Keywords: assembly line
preventive maintenance
unreliable machine
Issue Date: 15-Feb-2012
Citation: Ruifeng, C., Subramaniam, V. (2012-02-15). Increasing production rate in Kanban controlled assembly lines through preventive maintenance. International Journal of Production Research 50 (4) : 991-1008. ScholarBank@NUS Repository.
Abstract: Preventive maintenance is widely implemented in manufacturing industries for reducing random machine failures. High availability of a machine may be ensured by avoiding excessive or insufficient maintenance. Although analytical models of single or two-machine systems with preventive maintenance have been proposed in the literature, similar study on multi-machine systems remains limited. In this paper, the authors investigate preventive maintenance in Kanban controlled assembly lines and develop an analytical model for such systems. This model decomposes an assembly line into a series of primitive line segments. Each segment is characterised by a continuous-time-discrete-state Markov process.
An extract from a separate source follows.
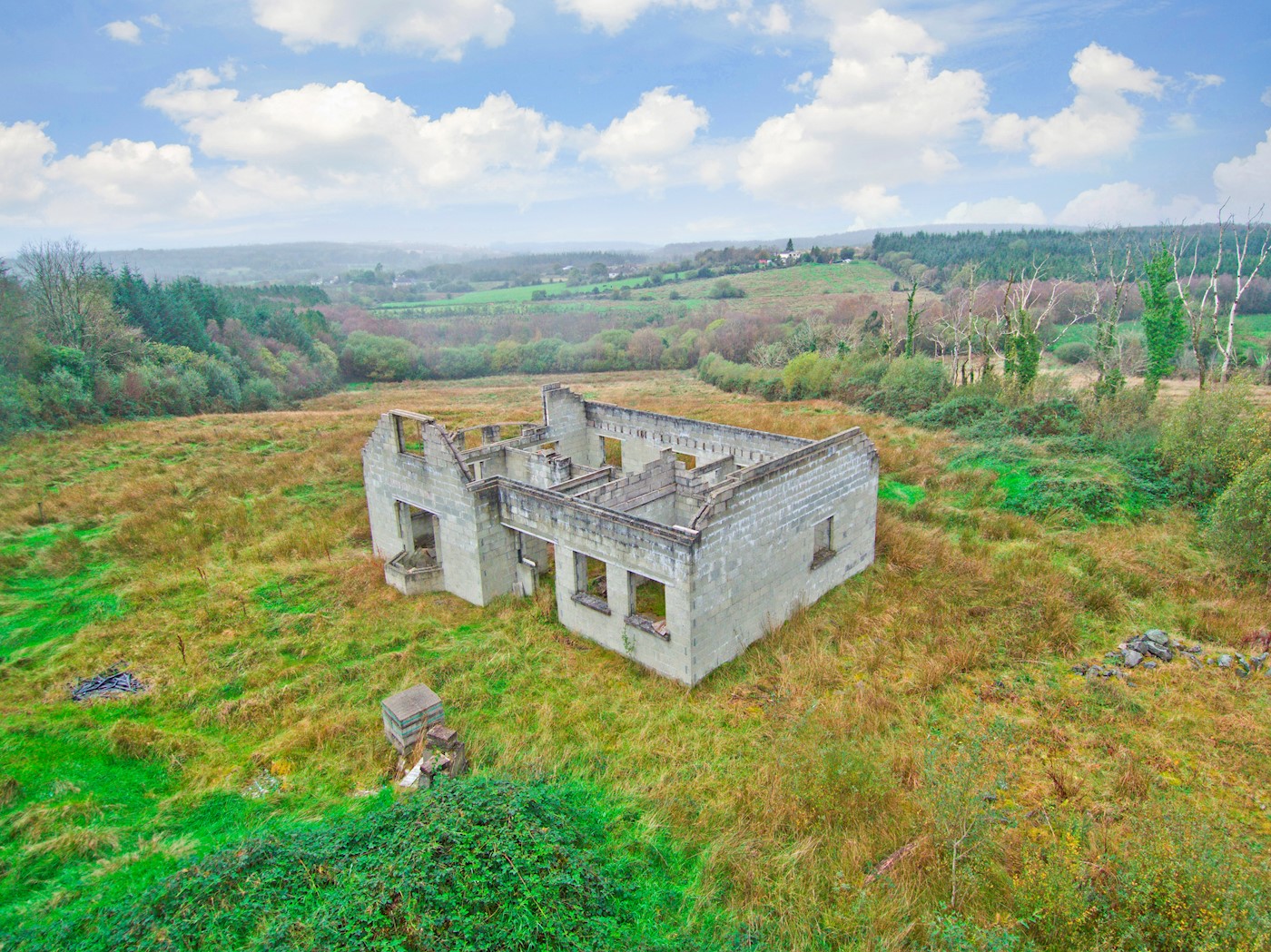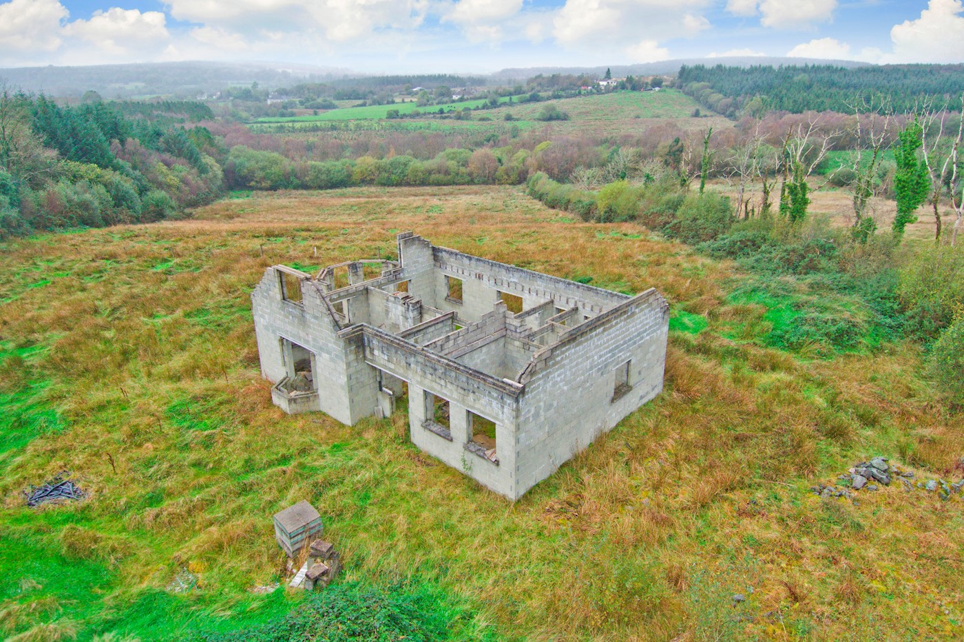 A detached house requiring completion work situated on an elevated site with panoramic views. The property is situated on a site extending to approximately .5 acres (.21 hectares).

This model provides the estimates of production rate and work-in-process, which can be used to evaluate the effect of preventive maintenance on an assembly line. Additionally, based on the proposed model, we also present an algorithm to determine the maintenance rates for all machines in a Kanban controlled assembly line. As demonstrated in the numerical experiments, the analytical model is useful to manufacturers in preventing excessive or insufficient maintenance and thus improving the production rate of Kanban controlled assembly lines. © 2012 Taylor & Francis.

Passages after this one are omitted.